** DATASET ENTRIES follows **

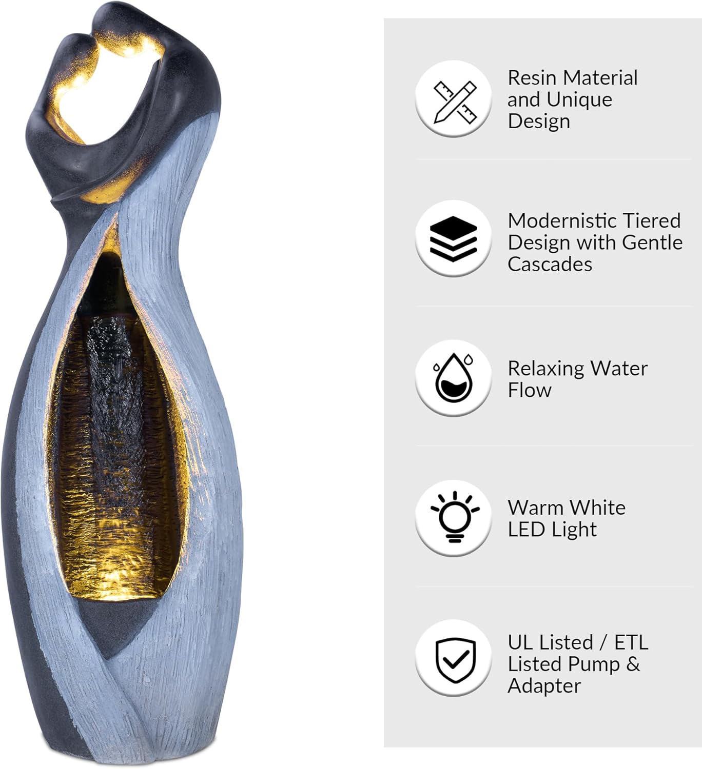 Make your garden or patio a place of elegance and wonder with this modernist embracing couple fountain. Crafted to last, it brings both beauty and value to any outdoor décor.
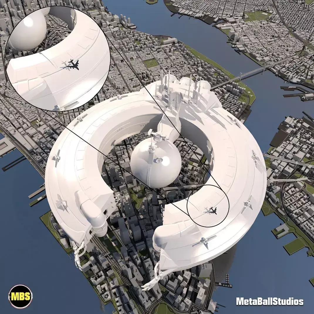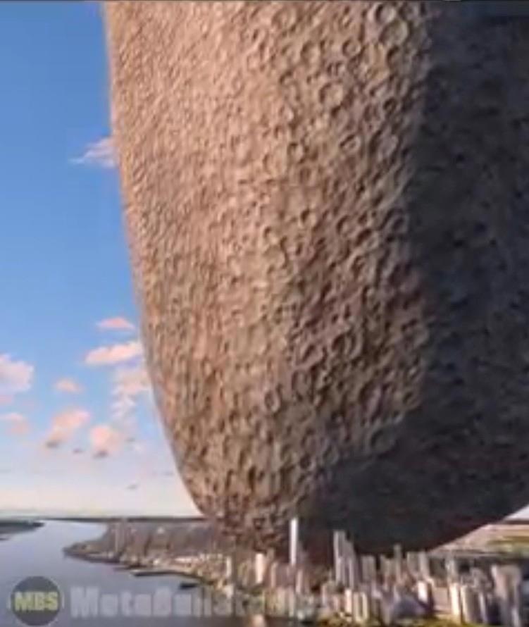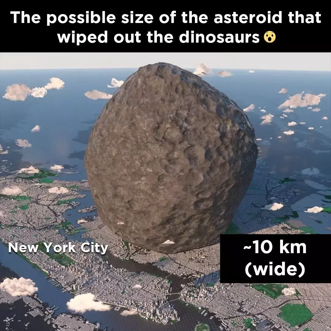 Предположительный размер астероида, погубившего динозавров на фоне Нью-Йорка
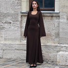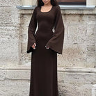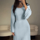 Dieses Damen Abendkleid mit langen Ärmeln und bodenlangem Schnitt überzeugt durch ein schlichtes Design mit drapiertem Rückendetail. Ideal für Hochzeiten, Abendveranstaltungen und festliche Anlässe.
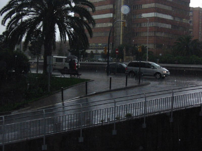 Það er ekki alltaf sól og sæla í Barcelona. Myndin nær ekki að koma því nógu vel til skila, en þetta er ein mesta rigning sem við höfum séð!
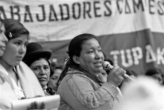 "Yo la conocí en un pueblo minero llamado Llallagua donde estuve pasando un tiempo, en una asamblea de mineros. Ella era la única mujer, eran todos hombres. Me sorprendió encontrar una mujer en medio de aquel hombrerío y más me sorprendió verla en acción. Ella se alzó entre todos, interrumpió una discusión que llevaba ya mucho rato y dijo: 'Yo quiero preguntar, preguntar este hito […]: ¿Cuál es nuestro enemigo principal?'. Entonces se alzaron voces que decían: 'la burguesía', 'la oligarquía', 'el Ejército', 'la tecnocracia' y ella corrigió: 'No, compañeros: nuestro enemigo principal es el miedo y lo llevamos adentro'".
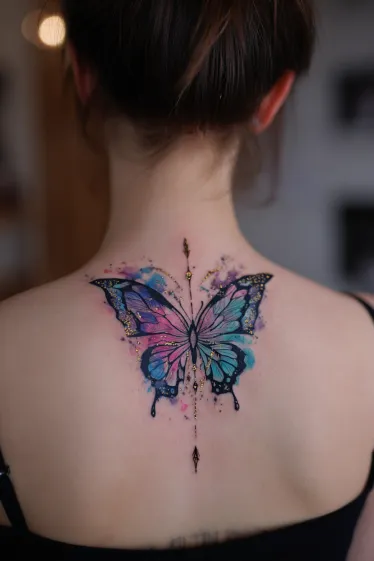 This enchanting spine tattoo features a vibrant butterfly, its wings painted in a gorgeous watercolor gradient of soft pinks and blues, truly capturing the eye. Behind the butterfly, artistic splashes of blue and purple watercolor create a dreamy, ethereal backdrop, making it feel like it s taking flight amidst a colorful cloud. Dainty golden glitter accents are sprinkled across the wings and surrounding splashes, adding a touch of magic, while a delicate line with tiny ornamental details elegantly extends along the spine, perfectly centering this whimsical design.
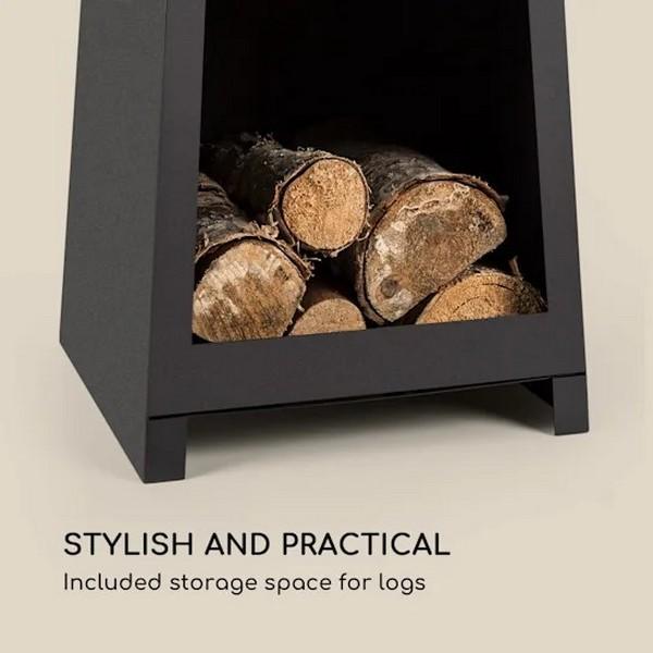 - pekný a praktický: vrátane úložného priestoru pre drevené polená

** End of DATASET ENTRIES **

Skip all pictures. Copy exactly the lines from the one containing "la conocí en" through the end of the records, both ends included.

*EXERCISE OUTPUT:*
 "Yo la conocí en un pueblo minero llamado Llallagua donde estuve pasando un tiempo, en una asamblea de mineros. Ella era la única mujer, eran todos hombres. Me sorprendió encontrar una mujer en medio de aquel hombrerío y más me sorprendió verla en acción. Ella se alzó entre todos, interrumpió una discusión que llevaba ya mucho rato y dijo: 'Yo quiero preguntar, preguntar este hito […]: ¿Cuál es nuestro enemigo principal?'. Entonces se alzaron voces que decían: 'la burguesía', 'la oligarquía', 'el Ejército', 'la tecnocracia' y ella corrigió: 'No, compañeros: nuestro enemigo principal es el miedo y lo llevamos adentro'".
 This enchanting spine tattoo features a vibrant butterfly, its wings painted in a gorgeous watercolor gradient of soft pinks and blues, truly capturing the eye. Behind the butterfly, artistic splashes of blue and purple watercolor create a dreamy, ethereal backdrop, making it feel like it s taking flight amidst a colorful cloud. Dainty golden glitter accents are sprinkled across the wings and surrounding splashes, adding a touch of magic, while a delicate line with tiny ornamental details elegantly extends along the spine, perfectly centering this whimsical design.
 - pekný a praktický: vrátane úložného priestoru pre drevené polená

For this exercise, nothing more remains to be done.